Firefly is Adobe’s generative AI model, and it works just like DALL-E and Midjourney, except Firefly is trained only using the images in Adobe’s stock catalog.
Meaning Adobe already had licensing rights to all of the images, so it feels a bit more ethical, because at least the artists got paid something for their work being used in training data.
Now I tried Firefly… Honestly I was kinda underwhelmed by it compared to say, Midjourney, who I still think has the best image quality.
And apparently I’m not alone in that opinion because Firefly has never really taken off as a stand-alone image generator but, in 2024, Adobe incorporated Firefly into Photoshop. So these generative expand and generative fill tools – that’s Firefly.
And as a tool inside of Photoshop it’s been a game changer, and made possible all the things I’m talking about in this video.
Turns out even using the Z-space in After Effects wasn’t as easy as I was hoping for, there was a lot of positioning the images to line up just right so instead of just getting one clip right and then copying and pasting to all the others, he had to painstakingly take each shot, line them up, adjust their timing and do that one after another 100 times.
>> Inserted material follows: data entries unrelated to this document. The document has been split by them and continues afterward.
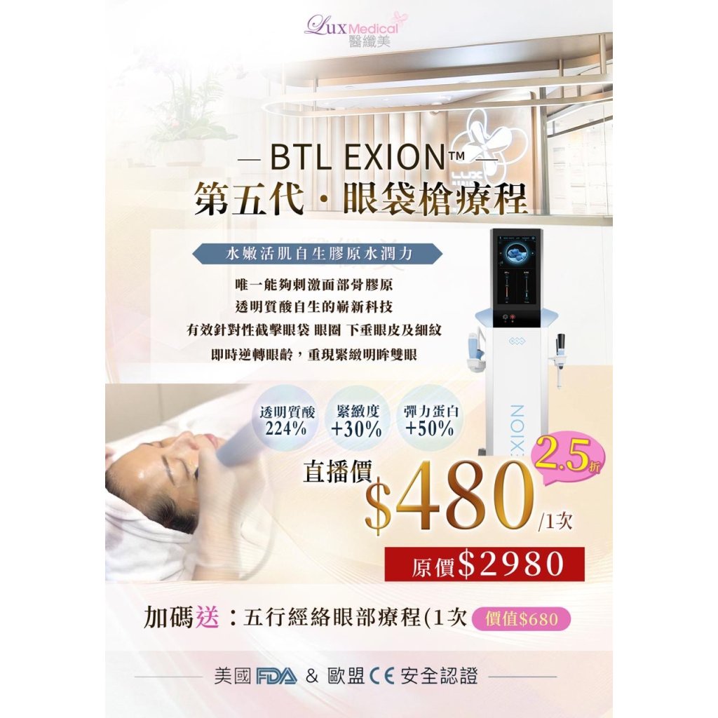 主頁 26127 BTL EXION 第五代 眼袋槍療程 $480@1
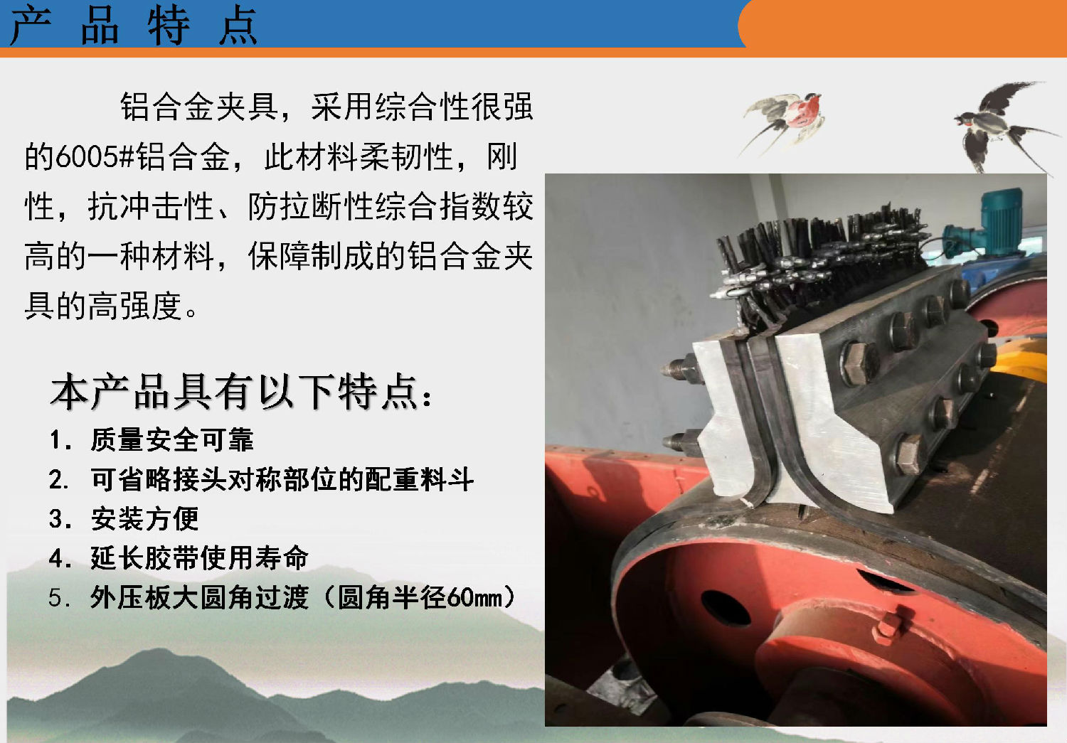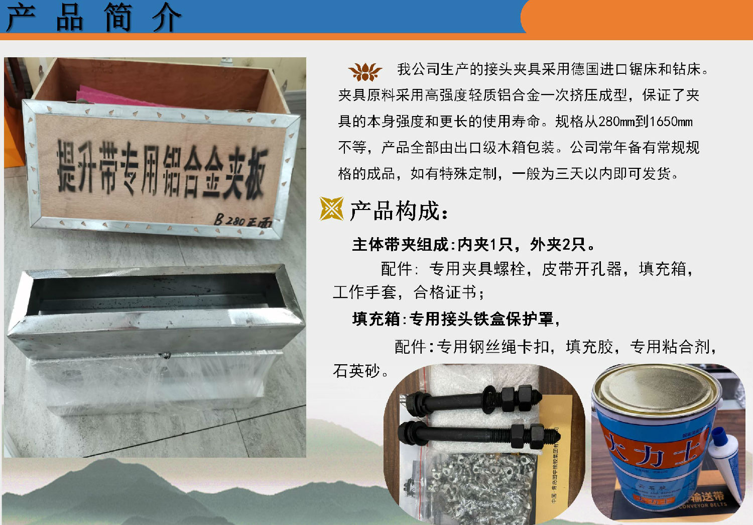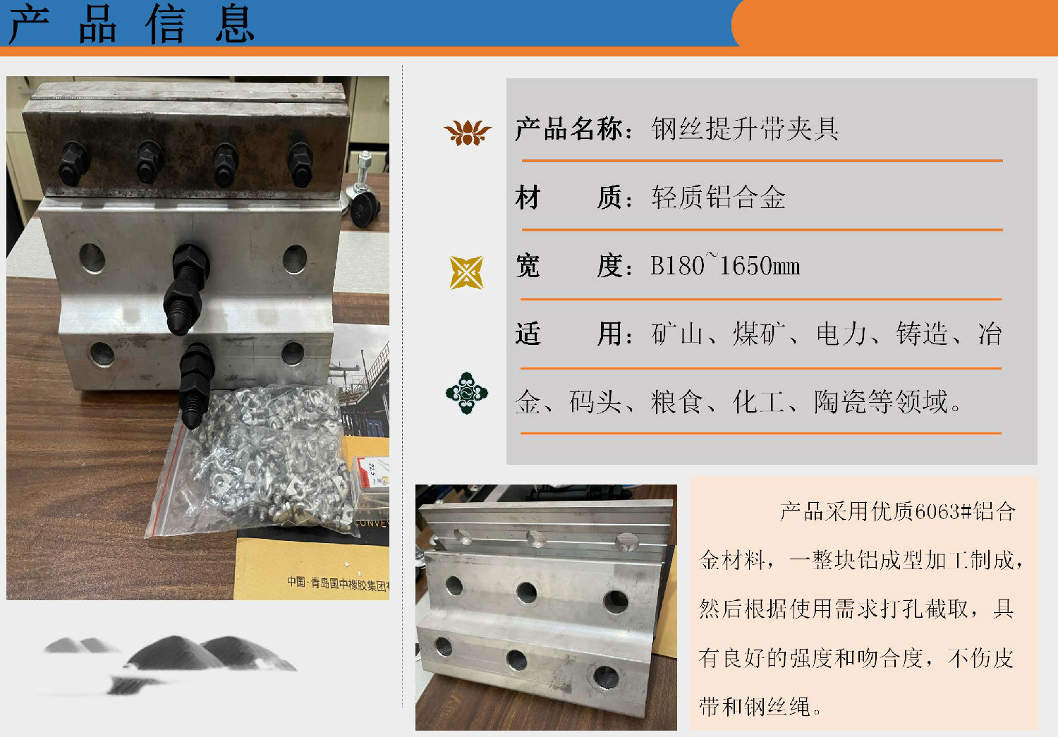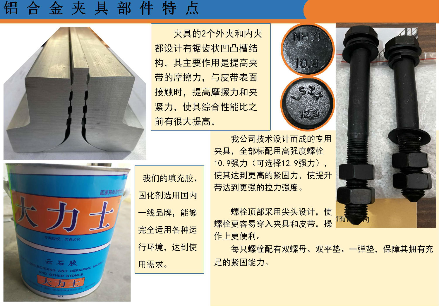 關鍵詞: 鋁合金夾具 鋼絲膠帶接頭 斗提帶夾板
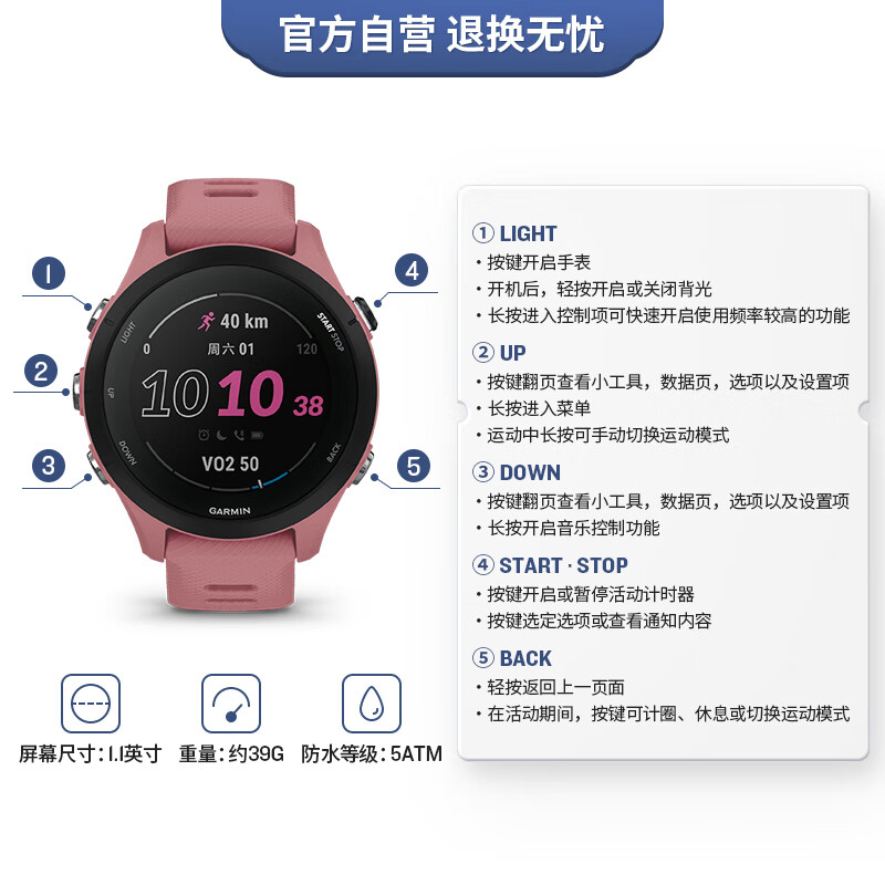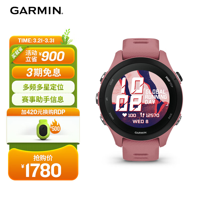 佳明(GARMIN)Forerunner255S智能手表铁人三项GPS多星定位心率血氧 泡泡糖粉价格:1780.00元!
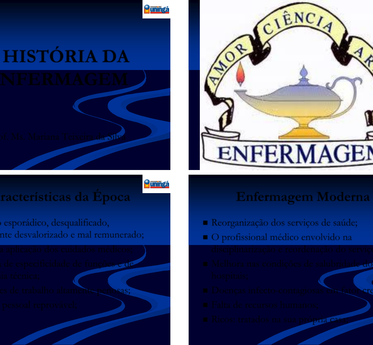 A HISTÓRIA DA ENFERMAGEM Prof. Ms. Mariana Teixeira da Silva Características da Época Trabalho esporádico, desqualificado, socialmente desvalorizado e mal remunerado; Grosseira aplicação dos cuidados médicos; Ausência de especificidade de funções e de autonomia técnica; Condições de trabalho altamente penosas; Conduta pessoal reprovável; Enfermagem Moderna Reorganização dos serviços de saúde; O profissional médico envolvido na disciplinarização e reordenação do serviço; Melhora nas condições de salubridade dos hospitais; Doenças infecto-contagiosas em fator crescente; Falta de recursos humanos; Ricos: tratados na sua própria casa; Enfermagem Moderna Os pobres: tornavam-se objetos de instrução e experiências – conhecimento; Cenário do ínicio da atuação de enfermagem; Culmina com o convite do Ministro da Guerra da Inglaterra para Florence Nightingale, prestar seus cuidados aos soldados feridos no combate na Guerra da Criméia. Florence Nightingale Nascida em 12 de maio de 1820, em Florença na Itália, filha de ingleses; Inteligência incomum, tenacidade de propósitos, determinação e perseverança; Idiomas: inglês, francês, alemão, grego e latim; 1844: estuda atividades das Irmandades Católicas em Roma, com desejo de se tornar enfermeira; Florence Nightingale Aos 24 anos, quis praticar em hospitais, porém não teve permissão da mãe, pois o pessoal do serviço aos doentes dividiam-se em grupos: o menor de religiosas católicas e anglicanas, que estava começando a se organizar; o outro maior de pessoas sem educação e moral; Florence Nightingale 1849: aos 31 anos vai ao Egito e decide servir à Deus, trabalhando em Kaiserswert na Alemanha entre as diaconisas; Hospital com 100 leitos, onde trabalhavam 49 diaconisas; Para aprimorar seus conhecimentos, visita hospitais e conhece irmãs de caridade; Preparo; (Hospital St. Germain e 1853 em Londres “Estabelecimento para senhoras Enfermas”, como superintendente; 1854: Guerra da Criméia ( Inglaterra, França e turquia declaram Guerra à Rússia); Florence Nightingale Florence e mais 38 voluntária (religiosas e leigas) de diferentes hospitais partem para Scutari; Morte dos hospitalizados: 40%; Atuação e organização do trabalho: do mais complexo ao mais simples; Destaque; A taxa de mortalidade cai de 40 para 2%; Imortalizada como “A Dama da Lâmpada”; Florence Nightingale Tal hospital era superlotado: 4000 feridos; Constatado que a falta de higiene e doenças matavam grande parte dos soldados internados por ferimentos; Soldados deitados no chão bruto, rodeados de insetos e ratos, operações realizadas sem cuidados de higiene; Os feridos tinham sete vezes mais chances de morrer de doenças hospitalares, do que no campo de batalha; Florence Nightingale No retorno a Londres, em agosto de 1856, quatro meses após a assinatura do tratado de paz, Florence descobriu que os soldados durante os tempos de paz, com idades variando de 20 a 35 anos, tinham uma taxa de mortalidade que era o dobro da dos civis. Utilizando, estas estatísticas, ela mostrou a necessidade de uma reforma nas condições sanitárias de todos os hospitais militares. Seu desejo, por uma investigação formal, foi atendido em maio de 1857 e levou ao estabelecimento da Comissão Real Sobre a Saúde nas Forças Armadas Florence Nightingale 1856: contrai Tifo e ao retornar da Criméia leva uma vida de inválida*; Recebe prêmio do governo inglês pelos trabalhos na Criméia; Se dedica à trabalhos intelectuais; 1859: com os recursos do prêmio recebido inicia uma Escola de Enfermagem; Fundou a Escola de Enfermagem no Hospital Saint Thomas – modelo para as posteriores; Em 9 de julho de 1860; Florence Nightingale 1874: tornou-se membro honorário da ASA (Associação Estatística Americana); 1883: a Rainha Vitória condecorou com a Cruz Vermelha Real pelo seu trabalho; 1907: primeira mulher em receber a Ordem do Mérito de Edward VII; Publicou cerce de 200 livros, relatórios e panfletos; (Ex: Notes on Nursing) Florence Nightingale Escola Nightingaleana: disciplina rigorosa, do tipo militar, exigência de qualidades morais da candidata; O curso era de um ano de duração, com aulas diárias ministradas por médicos; Os médicos, decidiam as funções que poderiam colocar nas mãos das enfermeiras; Dia 13 de agosto de 1910, morre; Observação Como era solteira, trabalhava fora de casa e agia de acordo com as suas idéias, serviu de exemplo a outras mulheres e contribuiu para impor respeito pelo papel da mulher na sociedade, e só parou de trabalhar quando ficou completamente cega (1910), morrendo em Londres, aos noventa anos de idade. Florence Nightingale Deixou florescente o ensino da enfermagem; Empírico ao especializado; Ocupação assalariada; Atende a necessidade de mão-de-obra dos hospitais; Prática social institucionalizada e específica; “A Dama da Lâmpada” JURAMENTO DE FLORENCE NIGHTINGALE Primeira Escola de Enfermagem Enfermagem compreende o cuidado autônomo e colaborativo ao indivíduo de todas as idades, famílias, grupos e comunidade, doente ou sadio, em todos os setores de atendimento. Enfermagem inclui a promoção da saúde, prevenção da doença e o cuidado ao indivíduo doente, incapacitado e morrendo. Advogar, promover ambiente seguro, pesquisa, participar na elaboração de políticas de saúde e em sistemas de gerenciamento de saúde e ensino, são também papéis chaves dos enfermeiros. Primeiras Escolas de Enfermagem Dificuldades: incompreensão dos valores necessários ao desempenho da profissão; A partir da Inglaterra as escolas se espalharam pelo mundo; 1873: primeira escola criada nos Estados Unidos; 1877: primeiras enfermeiras diplomadas começam a prestar serviços domiciliares em New York; Funcionamento das Escolas Segundo a filosofia de Florence Nightingale; Baseada em quatro idéias chave: 1. O treinamento de enfermeiras deveria ser considerado tão importante quanto qualquer outra form
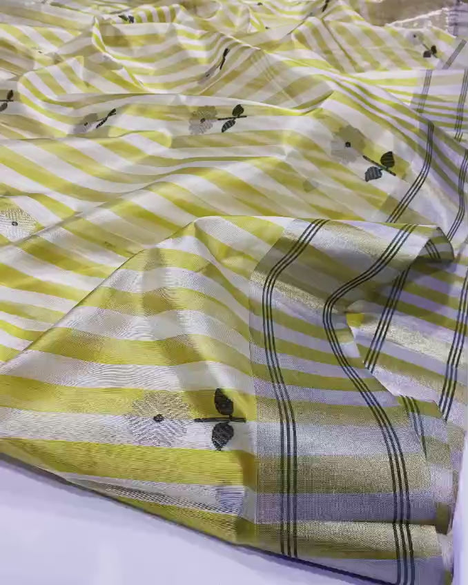 - Care: Dry clean only to preserve the delicate weave and natural luster. Store in a cool, dry place wrapped in a muslin cloth. Avoid direct sunlight and perfume contact to maintain fabric longevity.

I owe him a few beers for this.
And even then, he struggled to make the transitions as smooth as I was hoping for, it turns out that the expansions themselves created a bit of a warp on the outside of the images that prevented it from lining up perfectly. So we still get a little bit of a stutter effect, but in the end, we came out of it with this…
Overall I’m pretty happy with how this came out – would like it to be smoother
Maybe if I made each expansion a bit smaller, it would be smoother. If anybody out there has a better idea, I’d be glad to hear it.
But this was just an experiment – I would be interested in repeating it to see if it goes in different directions every time you do it.
I did test it out a little bit before I did the full live stream and it went in a way different direction, way more abstract
Of course this took hours of my time and Marc’s time so I’m not sure I want to do it all again, although…
I was told about an app that apparently can do an infinite zoom in a matter of minutes, I thought I’d check it out.
Make a point about how all of these AI tools are meant to save time, and that this is how AI is going to enter our lives – not necessarily as a technological singularity but as a slow creep of integration into programs and processes we already use.
The dangers though – in just a couple years the majority of images in Adobe stock are AI-generated image. Kinda makes me wonder if it’s just a model training itself on itself
The great AI ouroboros, if you will.